Joel dug into his 72-hour kit, pulled out a mirror, and taped it to his crowbar. He crept noiselessly until he caught another flash of metal on the far side of the road. He lifted the mirror until he could see the guardrail, then twisted it back and forth, scanning the road. An open topped jeep lay crumpled on the far side. A long smear of paint on the guardrail and skid marks on the road showed its path to where it stood, silent. A body lay in the road, head smashed, probably by the SUV.

The dead gathered around a sedan that had smashed into the cliff almost directly under Joel's vantage point. It was a good twenty feet below him, nearly straight down. They banged on the windows, moaning. They wanted in, and paid no attention to their surroundings. There must be someone inside, or they'd be wandering around. He might just be able to help whoever was trapped. With a sinking feeling in his stomach, Joel hefted a lump of granite and stood, preparing to throw it across the road. He knew how big a risk he was taking, and hesitated. There were nine of them below, but they were slow, some of them crippled by broken bones.

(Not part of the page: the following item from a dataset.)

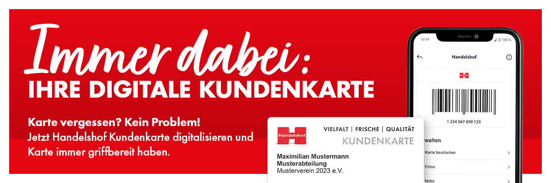 Lästiges Durchwühlen der Portemonnaiefächer nach einer Plastikkarte? Sparen Sie sich den Stress! Sie können Ihre Handelshof Kundenkarte auch digitalisieren, sodass Sie Ihre Karte immer griffbereit haben – direkt auf Ihrem Smartphone oder Tablet. So sparen Sie Zeit beim Einkauf.

One of them, dressed in jeans and a faded BDU jacket forced another out of his way and pounded on the rear driver's side window in frustration. Bloodstains on the tattered jacket showed where he'd been bitten. Joel, stopped himself in mid-throw, as a new sound came to him. A baby, crying, scared.

That changed everything.

He crouched down and studied the car closer. The windshield was cracked, nearly shattered. Blood stained the inside. He could just make out long blonde hair on the driver. She, he assumed it was a she, didn't move. Probably there was enough damage that the driver wouldn't rise. He hoped that was the case. Quietly he stripped the mirror off his crowbar and stuffed it back in his bag. Carefully judging the distance, he hurled the rock down at the head of the zombie that had been pushed farthest from the car. With luck the others wouldn't notice it fall.

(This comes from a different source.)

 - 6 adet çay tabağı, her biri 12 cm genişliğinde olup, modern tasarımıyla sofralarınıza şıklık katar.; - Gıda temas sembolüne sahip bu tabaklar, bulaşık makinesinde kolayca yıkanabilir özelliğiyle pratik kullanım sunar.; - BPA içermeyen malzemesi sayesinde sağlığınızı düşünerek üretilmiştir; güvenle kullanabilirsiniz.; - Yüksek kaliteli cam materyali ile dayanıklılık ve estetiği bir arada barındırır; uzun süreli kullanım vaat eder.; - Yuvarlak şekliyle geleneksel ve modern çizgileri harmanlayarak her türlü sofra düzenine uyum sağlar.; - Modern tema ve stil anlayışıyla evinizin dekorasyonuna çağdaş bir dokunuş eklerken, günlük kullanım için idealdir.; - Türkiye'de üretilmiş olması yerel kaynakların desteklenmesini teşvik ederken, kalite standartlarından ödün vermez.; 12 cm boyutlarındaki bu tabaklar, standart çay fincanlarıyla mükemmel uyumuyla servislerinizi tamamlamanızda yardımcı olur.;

He ducked back before the sound came to him, and scooped up another piece of granite. The moans were unchanged, so he took the risk, looking over the edge. The creature, a slightly built woman in jeans, was down, unmoving. He selected a man in a ball cap and threw, ducking again. He knew without looking that he'd missed this time, but the persistent moans and pounding made him hope he could pull it off.

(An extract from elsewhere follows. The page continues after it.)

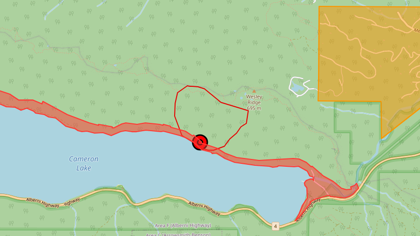 Wildfire above Cameron Lake grows overnight, evacuation orders & alerts remain

Using a two hand grip he lifted a large chunk of granite and hurled it. He momentarily lost his balance and teetered while the rock smashed his target's head. Emboldened by his success, he took out two more before it happened.

While moving into a new vantage point, his foot slipped on the lichen covered surface and a trickle of gravel rattled down the mountainside. One of the five remaining zombies followed the trickle with its blank eyes and moaned excitedly when it saw him. Abandoning its efforts to break into the sedan, instead it started crawling up the slope towards him. The others noticed, and except for the one wearing the BDU jacket, followed its example.

They weren't very good climbers, but by the time he had a rock ready, he could see they probably would make it eventually, despite their slipping and sliding down the slope, there were plenty of handholds on the moss covered mountainside. Fortunately, eventually was longer than he needed. He dispatched the last of the four long before it reached the halfway point.

The fifth, the one that had been on the other side of the car was gone. A chill rand down his back, and he whirled, snatching up his crowbar. Its moans came to him from downhill. It forced its way through the brush that lined the edge of the road, and practically shrieked when it saw him. Joel ran uphill, scooping up his bag and heading for a clump of young pines. He'd seen them try to do things they'd done in life, but nothing that looked like real thinking. Could it have flanked him on instinct? Some remnant of military training that lived on in its dead brain?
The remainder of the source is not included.